Kokeshi Not arguing with you at all in terms of how ridiculous the politically motivated restrictions have become. Interestingly Taiwan seem currently frozen by the breakout of clusters of Omichron from the airport and quarantine hotels into the community. They have not acted as hard and fast to control cases as previously and people I know there are speculating that they are watching and considering a focus on vaccination rates and letting it run in the community as Australia and New Zealand have / are doing.

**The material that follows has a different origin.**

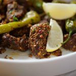 -In serving dish,add fried beef,sprinkle prepared balochi tikka masala,fresh coriander,lemon juice & mix well,cover & let it absorb the spices for 2-3 minutes.

I don’t think many in the U.K. realise that until Hong Kong stopped flights from the U.K. and made life very difficult for the airlines in terms of quarantine requirements for crew, there were 8 flights a day arriving here, with many of those passengers returning expats or coming here on the BNO passport resettlement scheme to escape the political situation. I know many in Hong Kong who are concerned that their political beliefs and actions make them vulnerable to arrest and are therefore unable to stay in their home. Now there seems to be just one Cathay flight so not at all surprised people are looking at chartering and wouldn’t be at all surprised if the clampdown on flights isn’t also motivated by making it more difficult for local people to leave.

CrazyKatie What is your evidence of Hong Kong people being sent to re-education camps? I know many people living there and certainly if you were involved in the protest movements or democracy parties you face arrest. However most like Denise Ho are out on bail. Silenced yes but certainly not the level of suppression seen by the Uyghurs in Xinjiang where it is quite specifically targeted at cleansing their ethnic minority.

Kokeshi123 · 20/01/2022 13:25

Gotta say that if I were Taiwan, I'd want to abandon zero COVID if only in the hope that it might keep the PLA away. "Be warned --- try to invade, and we'll breathe on you " ;)

Kokeshi123 · 20/01/2022 13:33

Secondary schools closing in HK now.